(Your task)
Please return only the lines between the line with "19 | √ | nextval('tbl_document_title_id_seq'::regclass) |" and the final line of the entries, both included, and exclude pictures.

(Provided material)
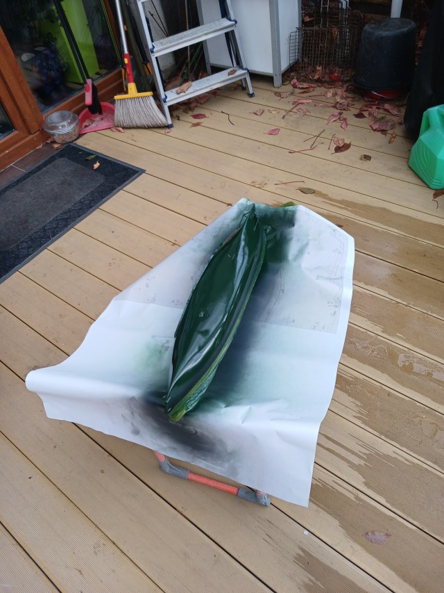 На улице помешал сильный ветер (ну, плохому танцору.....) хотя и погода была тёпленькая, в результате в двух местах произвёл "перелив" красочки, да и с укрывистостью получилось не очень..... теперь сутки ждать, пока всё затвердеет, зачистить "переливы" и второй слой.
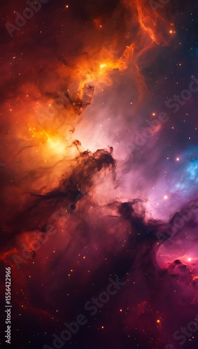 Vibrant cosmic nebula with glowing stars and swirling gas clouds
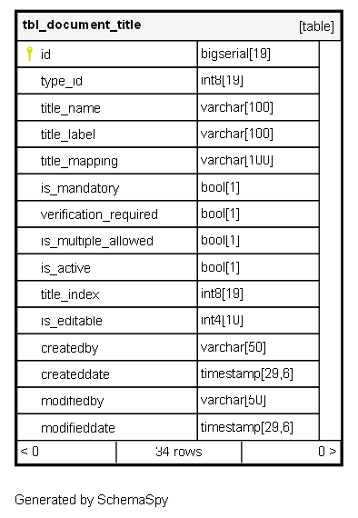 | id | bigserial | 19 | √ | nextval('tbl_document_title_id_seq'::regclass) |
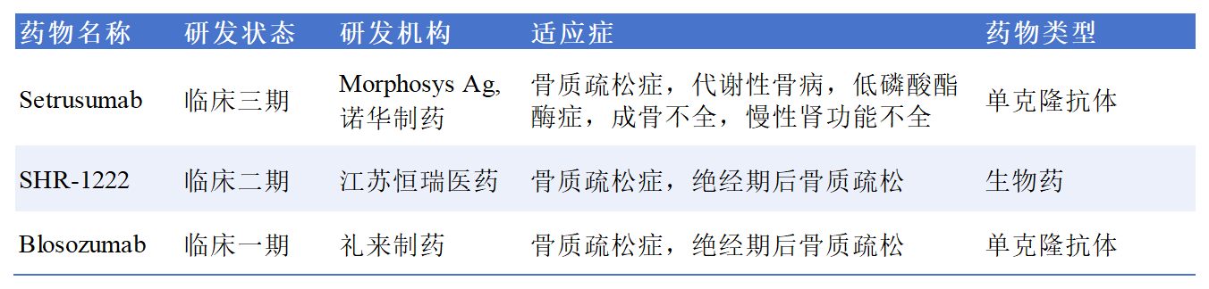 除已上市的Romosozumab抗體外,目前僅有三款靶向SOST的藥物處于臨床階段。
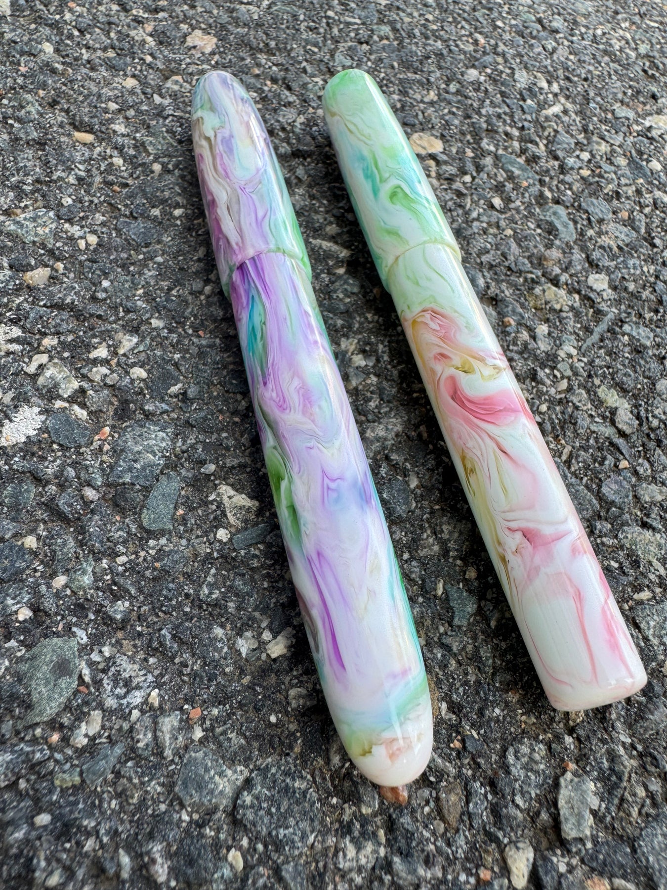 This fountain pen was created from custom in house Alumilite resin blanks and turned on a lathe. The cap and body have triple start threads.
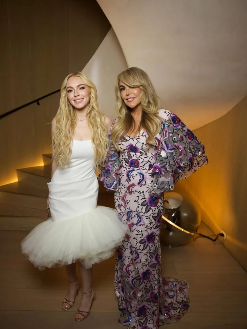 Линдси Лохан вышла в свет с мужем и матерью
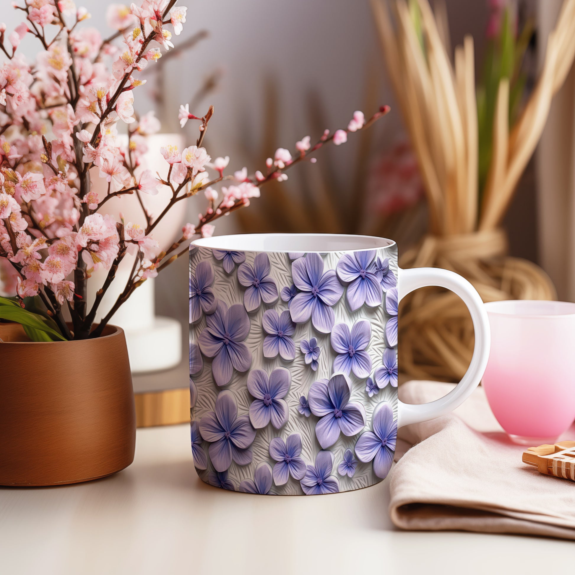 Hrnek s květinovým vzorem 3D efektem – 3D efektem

(Exercise output)
 | id | bigserial | 19 | √ | nextval('tbl_document_title_id_seq'::regclass) |
 除已上市的Romosozumab抗體外,目前僅有三款靶向SOST的藥物處于臨床階段。
 This fountain pen was created from custom in house Alumilite resin blanks and turned on a lathe. The cap and body have triple start threads.
 Линдси Лохан вышла в свет с мужем и матерью
 Hrnek s květinovým vzorem 3D efektem – 3D efektem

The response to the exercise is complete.